Each single elementary operation has a truncation error of at most $1/2$ ulp (unit in the last place), which is about a relative error of less than $\mu=2^{-53}$. Let's express the floating point realizations of the two expressions using these relative errors $|δ_i|\le \mu$.
The errors are \begin{align} fl(fl(x^2)-fl(y^2))&=(x^2(1+δ_1)-y^2(1+δ_2))(1+δ_3) \\ &=(x^2-y^2)+x^2δ_1-y^2δ_2+(x^2-y^2)δ_3+\text{higher order terms} \end{align} which has as first order upper bound $[x^2+y^2+|x^2-y^2|]\mu=2\max(x^2,y^2)\mu$, and $$ fl(fl(x+y)fl(x-y))=((x+y)(1+δ_1)\,(x-y)(1+δ_2))(1+δ_3) $$ where the upper bound for the first order terms is $3 |x^2-y^2| μ$.

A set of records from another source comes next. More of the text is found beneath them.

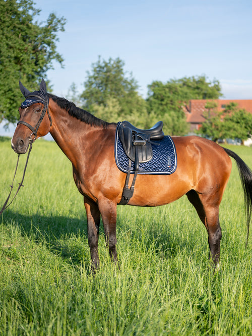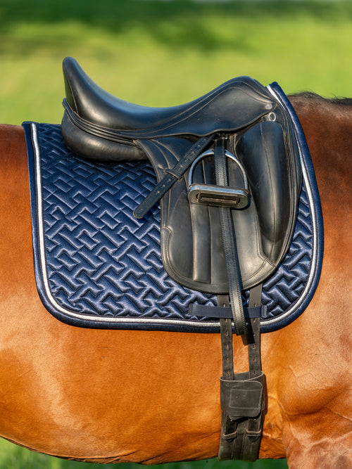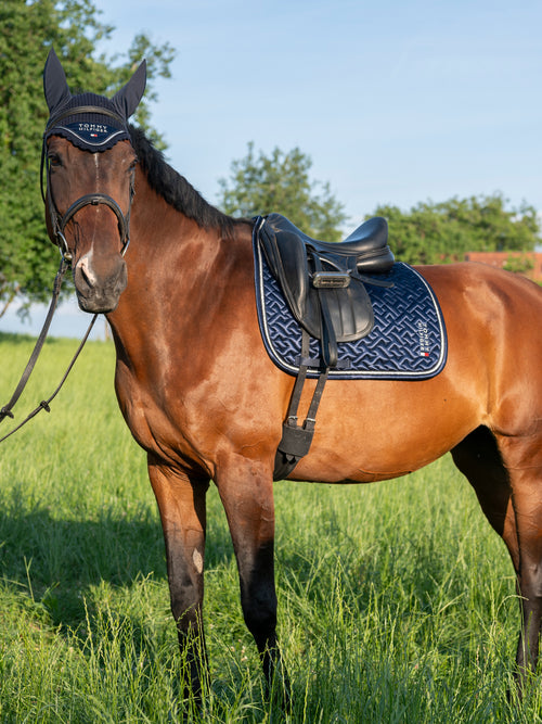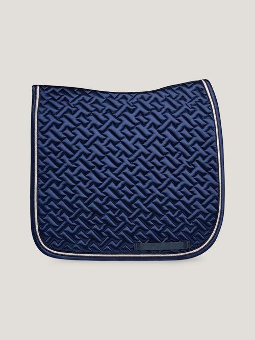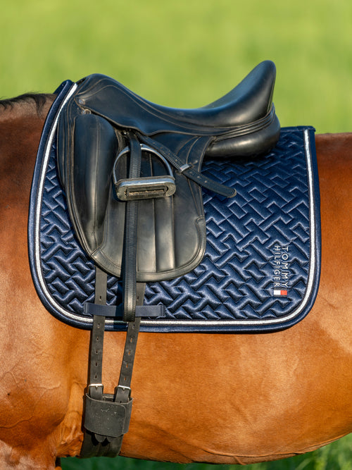 The Windsor TH quilted Dressage Saddle Pad takes on the classic saddle pad and gives it a sleek edge. Designed with a shimmering fabric finish, Tommy Hilfiger in lurex and Flag embroidery, shine cord edge detailing, and TH Monogram pattern quilting. The saddle pad features a waffle inner for extra comfort, breathable and wicking properties, is shape-retaining and well-fitting with good wither clearance.
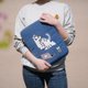 ・简约的蓝色布料上有白虎胖胖虎的刺绣!灰色拉链上有两个可爱的胖胖虎脸。
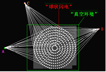如圖12,A、B、C等處的光源發(fā)出的光線,在通過“球狀閃電”時,都在“球狀閃電”中的“光子流體能量負(fù)壓”的作用下,被“吸入”“留住”作“圓周運(yùn)動”,而不能穿過“球狀閃電”,光源對面的觀察者將不能看到這個光源發(fā)出的光線——呈現(xiàn)“黑洞效應(yīng)”。
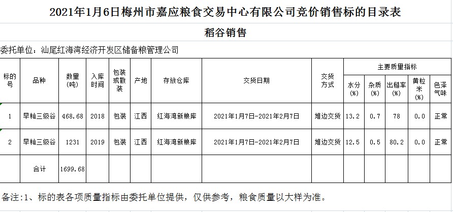 受客戶委托,梅州市嘉應(yīng)糧食交易中心有限公司定于2021年1月6日(星期三)舉辦糧食競價(jià)交易會,汕尾紅海灣經(jīng)濟(jì)開發(fā)區(qū)儲備糧管理公司擬銷售2018年早秈三級稻谷468.68噸;2019年早秈三級稻谷1231噸。

To demonstrate that this calculation is indeed reflected in actual floating point arithmetic, consider $x\in [1,2]$ and $y=x+ε$ with $ε$ fixed to some small value, here $\varepsilon=7\cdot 2^{-m}$ for some $m$ in the upper range of the mantissa length. Then the exact difference is $2εx+ε^2$. The error bound for the first formula now appears as $2x^2\mu$ and for the second formula as $6xε\mu$.
The plots show that the derived error bounds are valid and rather tight for both formulas, the error of the second formula is only really visible in the logarithmic plot and is zero for all practical purposes.